Enhanced microwave absorption of flaky FeSiAl/ZnO composites fabricated via precipitation

In this study, we investigated the effects of ZnO loading on flaky FeSiAl alloys and assessed their material structure, morphology, magnetism, and microwave absorption characteristics. The structure and morphology indicated a ZnO precipitation limit on the flaky FeSiAl alloy surfaces, and the surface precipitation and mixture were tunable via precipitation technology. The results also indicated that the surface deposition weight ratio of ZnO to FeSiAl should not exceed 2:5, as excessive ZnO deposition resulted in the formation of large ZnO nanoparticles. In addition, nonmagnetic ZnO caused a steady decrease in saturation magnetization from 89.3 to 48.2 emu/g. Following the ideal impedance matching and high dielectric loss, we obtained a minimum reflection loss of-47.85 dB and bandwidth of 3.24 GHz.

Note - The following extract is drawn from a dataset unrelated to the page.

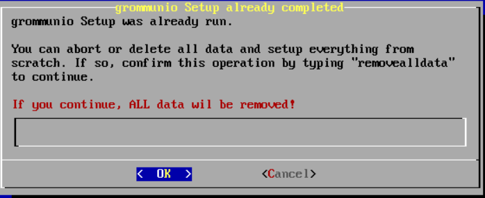 Alf06 haven't checked lastest iso yet, but the definition from setup script define the file that should trigger the cui too. ... if [ -e "/etc/grommunio-common/setup_done" ] ; then DELCONFIRM=$(dialog --no-mouse --colors --backtitle "grommunio Setup" --title "grommunio Setup already completed" --cr-wrap --inputbox \ 'grommunio Setup was already run. ...
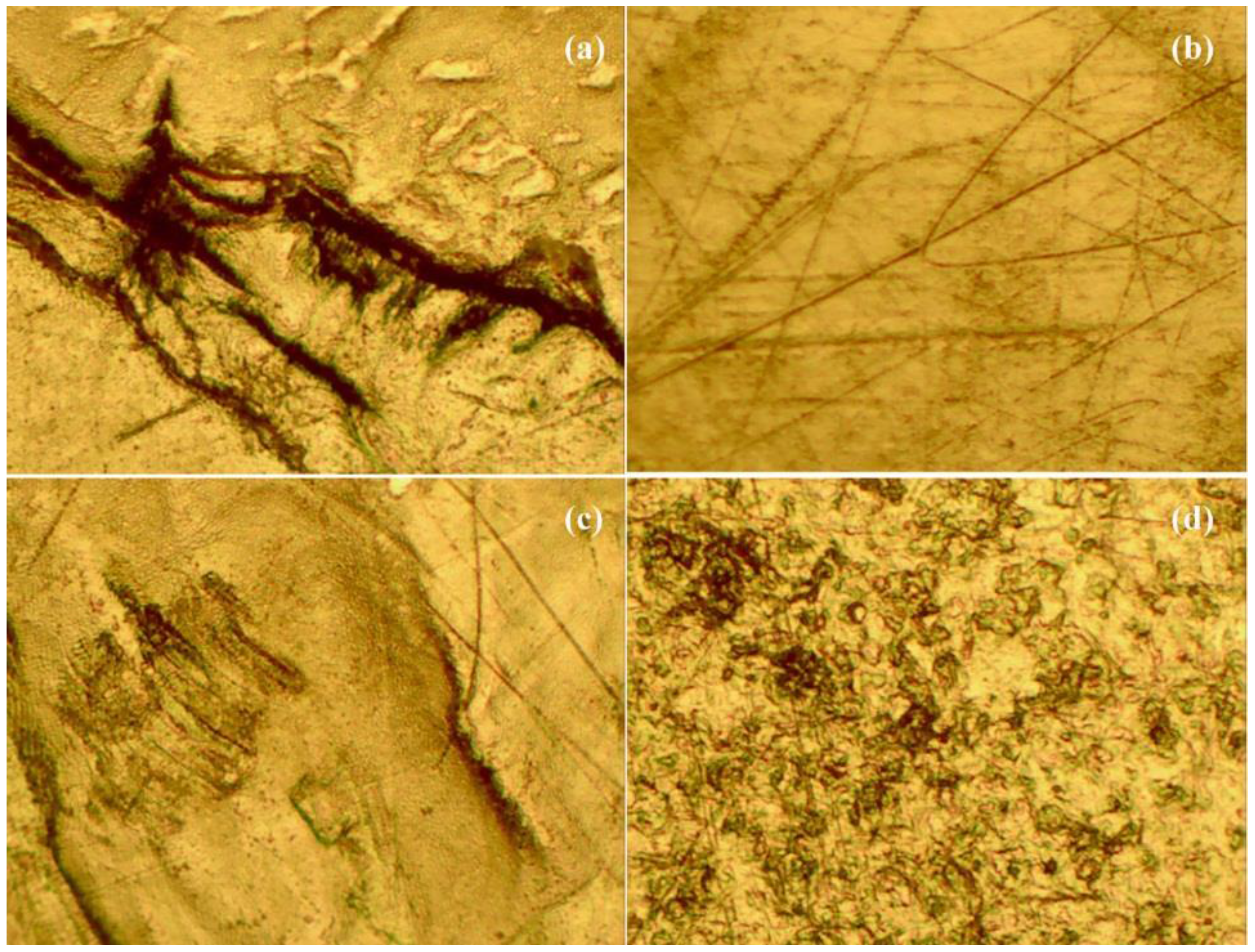(a) Shows severe grooving at 10× magnification; (b) shows burnishing in addition to severe scratching at 10× magnification; (c) shows third-body wear in addition to scratching and burnishing at 10× magnification; (d) shows pitting at 10× magnification.

Compared to conventional oxides coated with flaky FeSiAl, the low density and semiconductor ZnO composites exhibited greatly improved microwave absorption performance for future lightweight and microwave absorption applications.

Automated summary

The study explored the effects of ZnO loading on flaky FeSiAl alloys and found that excessive ZnO deposition led to the formation of large nanoparticles and a decrease in saturation magnetization. By controlling the weight ratio of ZnO to FeSiAl, optimal impedance matching and high dielectric loss were achieved, resulting in improved microwave absorption performance. This suggests that low density and semiconductor ZnO composites show promise for future lightweight and high-performance microwave absorption applications.